As such counsel, we have examined such matters of fact and questions of law as we have considered appropriate for purposes of this letter. With your consent, we have relied upon certificates and other assurances of officers of the Corporation and others as to factual matters without independently verifying such factual matters. We are opining herein only as to the General Corporation Law of the State of Delaware, and we express no opinion with respect to any other laws or as to any matters of municipal law or any other local agencies within any state.

Subject to the foregoing and reliance thereto, it is our opinion that, upon the issuance and delivery of the Shares in the manner contemplated by the Plan, assuming in each case that the individual grants or awards under the Plan are duly authorized by all necessary corporate action and duly granted or awarded and exercised in accordance with the requirements of law and the Plan (and the agreements and awards duly adopted thereunder and in accordance therewith) and subject to the Corporation complying with all other terms of the Plan, the Shares will have been duly authorized by all necessary corporate action of the Corporation and will be validly issued, fully paid and nonassessable. In rendering the foregoing opinion, we have assumed that the Corporation will comply with all applicable notice requirements regarding uncertificated shares provided in the General Corporation Law of the State of Delaware.

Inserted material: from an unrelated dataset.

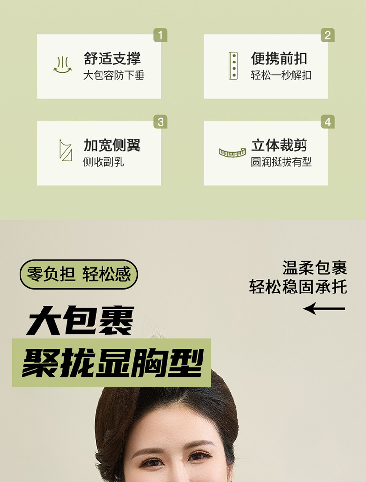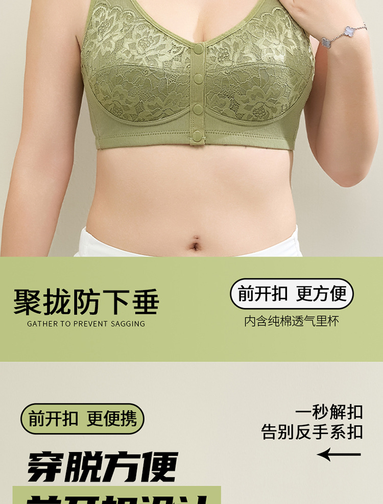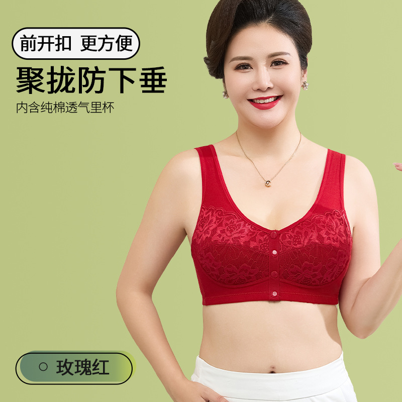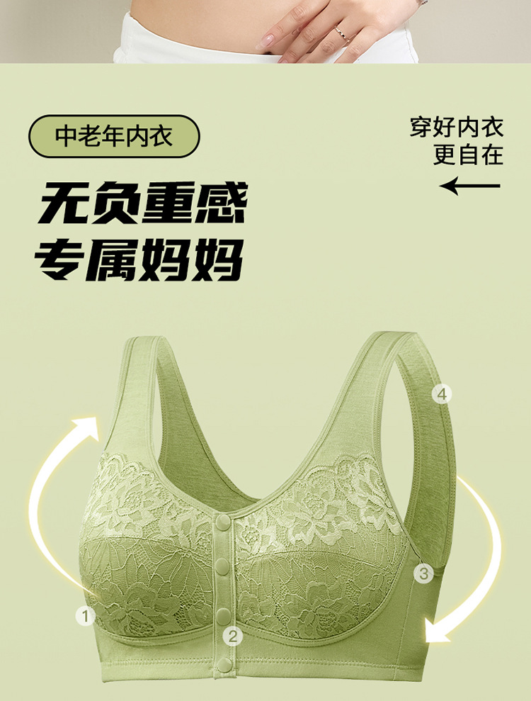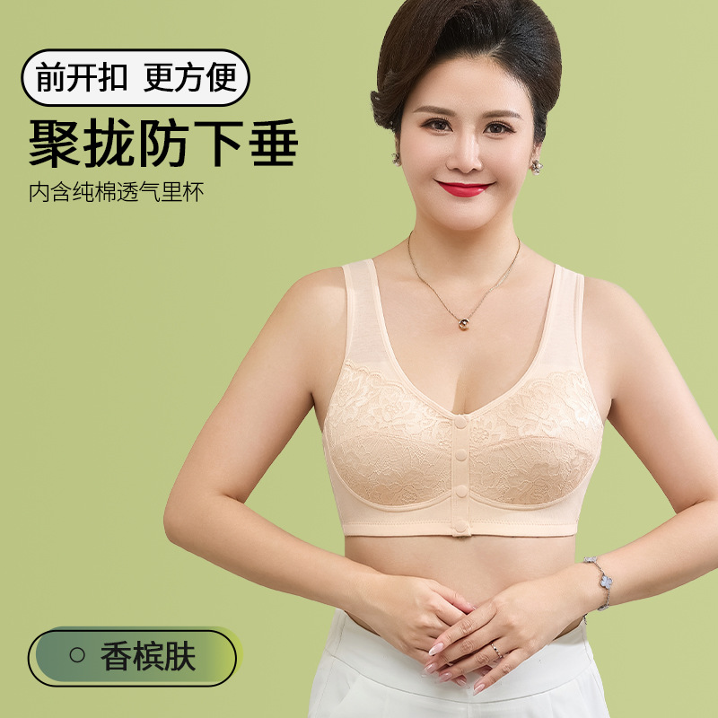 새로운 스타일의 앞면 버클 레이스 와이어 프리 여성용 브래지어 엄마 스포츠 브래지어 중년 및 노인 편안한 통기성 브래지어스토어 가기

This opinion is for your benefit in connection with the Registration Statement and may be relied upon by you and by persons entitled to rely upon it pursuant to the applicable provisions of the Act. We consent to your filing this opinion as an exhibit to the Registration Statement. In giving such consent, we do not thereby admit that we are in the category of persons whose consent is required under Section 7 of the Act or the rules and regulations of the Commission thereunder.